French police were checking on Saturday a report of a mystery woman who was seen with missing Swiss six-year-old twins and their father in Corsica before he committed suicide, as the girls mother said she had still not “lost hope.”
An investigator said they were “taking seriously” the account of Olga Orneck, a resident of the small ferry port of Propriano, who described how the four had attracted her attention on the morning of Feb. 1 as she went to buy her newspaper.
Out-of-towners
“I noticed them because Propriano is a small village where strangers are spotted immediately, especially at this time of year,” she said in a telephone interview.
Orneck said the girls wore pink track-suits and parkas and were eating croissants or chocolate pastries. One had spectacles and a pink and white hat.
“The woman was aged 45-50 with brown hair and was wearing a black three-quarter-length coat and white trousers,” Orneck said. “She wasn’t from Propriano or I’d have recognized her.”
Orneck said both the woman and the man, whom she identified as Matthias Schepp immediately from a photograph afterwards, were eating croissants and chatting as if they knew each other well.
Orneck contacted the police in response to an appeal for witnesses after Schepp threw himself under a train in southern Italy two days later, having written to his estranged wife saying he had also killed the girls.
She was “100 percent certain” it was Schepp she had seen and “95 percent certain” the girls were his daughters Alissia and Livia, she said.

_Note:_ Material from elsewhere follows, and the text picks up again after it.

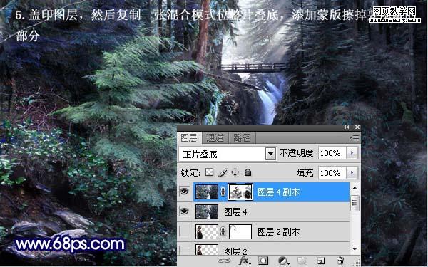 5、新建一個圖層,按ctrl + alt + shift + e蓋印圖層,把蓋印后的圖層復制一層,圖層混合模式改為“正片疊底”,添加圖層蒙版用黑色畫筆擦掉不需要的部位。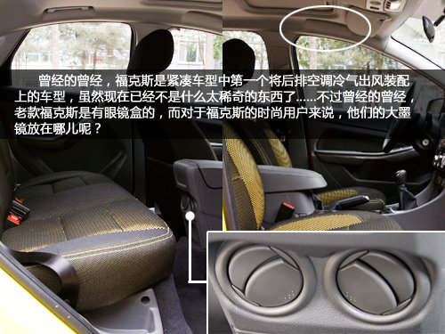 福克斯是國內(nèi)第一款在后排加裝空調(diào)出風(fēng)口的緊湊型轎車,雖然在現(xiàn)在已經(jīng)不是什么大不了的設(shè)置,但是貼心的設(shè)計還是不錯的。不過沒有眼鏡盒是讓編輯我這個四眼感覺很不爽的,畢竟老款?怂故菐в醒坨R盒的。

The mother of the two girls said she had still “not lost hope” of finding her children.
“I am destroyed, desperate, but I must continue to be strong. I will do everything necessary to find Livia and Alessia or at least to discover the truth,” ANSA news agency quoted Irina Lucidi as saying. “Time is passing, anguish is growing, but despite everything, I have not lost hope and I hope to once again see my girls.”
Hope
Earlier on Saturday, police said they hoped Lucidi could help them in the hunt on Corsica, while their Italian colleagues searched for the GPS from their dead father’s car.
“The mother’s presence will enable us to visit all the places the family went on holiday a few years ago,” a police investigator said.
He did not say if police had approached Lucidi, who pleaded on Friday for the hunt to continue, more than two weeks after Schepp failed to return Livia and Alessia to their Swiss home on Jan. 30.
Already dead
According to the Italian news agency ANSA, Schepp said in his last letter to his wife, postmarked the day of his death in the Puglia town of Cerignola: “I will be the last to die. I have already killed the girls. They did not suffer and now they are resting in a tranquil place.”
“You will not see them again,” it read.
French police, who were being joined by Swiss colleagues on Saturday, say Schepp had returned alone from Corsica, which he knew both from holidays and his work with a tobacco company.
They have been scouring the island between Propriano in the southwest, where Schepp arrived with the twins, and Bastia in the northeast, from where he left.
Meanwhile, Italian police were concentrating their hunt on a canal not far from the station at Cerignola, in Puglia, where Schepp committed suicide.